Mas é na direção e na fotografia que encontramos os maiores responsáveis pela frieza do mundo distópico de O Lagosta. Potencializando as robóticas atuações, há as cores frias e os enquadramentos que constantemente jogam personagens para os cantos dos planos e sempre deixam a câmera distante de todas as pessoas presentes na cena deixa o espectador distante do mundo apresentado. Praticamente todos os diálogos do longa são construídos por planos médios e conjuntos, nunca usando close-ups e raramente usando primeiros planos. Estes últimos, inclusive, só passam a ser utilizados quando David passa a se rebelar contra o sistema e tenta trilhar seu próprio caminho.

Apesar de ter enorme importância na narrativa por ser imprescindível na mensagem passada pelo filme, a mudança de ambientação presente na segunda metade da obra traz uma forte quebra de ritmo, que é recuperada mais à frente pela aproximação de David da personagem de Rachel Weisz. Mesmo assim, há memoráveis momentos, como quando, pela primeira vez, vemos personagens demonstrando alguma paixão, justamente quando ouvem uma dupla tocar uma emotiva e forte música em seus violões. Há de se destacar em O Lagosta a trilha sonora, baseada em densos e simples arranjos de corda, trazidos de obras já existentes e dignos de um bom terror psicológico, que se repetem e são essenciais para o tom asséptico da narrativa, já que estão muito presentes justamente nos momentos que poderiam trazer alguma vivência para o longa.

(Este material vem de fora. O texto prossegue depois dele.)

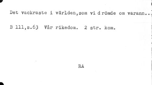//// Det vackraste i världen,som vi drömde om varann..i //// H //// r //// t //// i //// B 111,s.63 Vår rikedom. 2 str. kom. //// i //// ! //// i //// s //// ! //// E //// t //// . I //// RÅ //// t //// : ////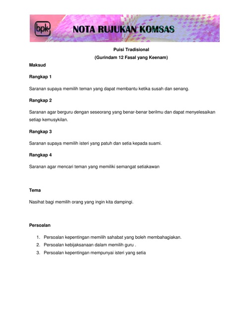 Ringkasan Puisi Tradisional Tingkatan 4 Berdasarkan Antologi Harga Remaja

Como toda boa distopia, a obra pode aparentar, mas não está tão distante da nossa sociedade. Afirmando que mesmo os insatisfeitos com suas realidades se sujeitam à ela em busca de aceitação, o filme é incômodo por sua frieza, mas extremamente competente pela clareza de sua mensagem. Os momentos de humor negro amenizam o peso da análise trazida, mas mais do que leves risadas, estabelecem um desconforto que proporciona justamente o que Yorgos Lanthimos quer com O Lagosta: fazer o público pensar. Fazer-nos refletir e rever como nos comportamos e nos aceitamos.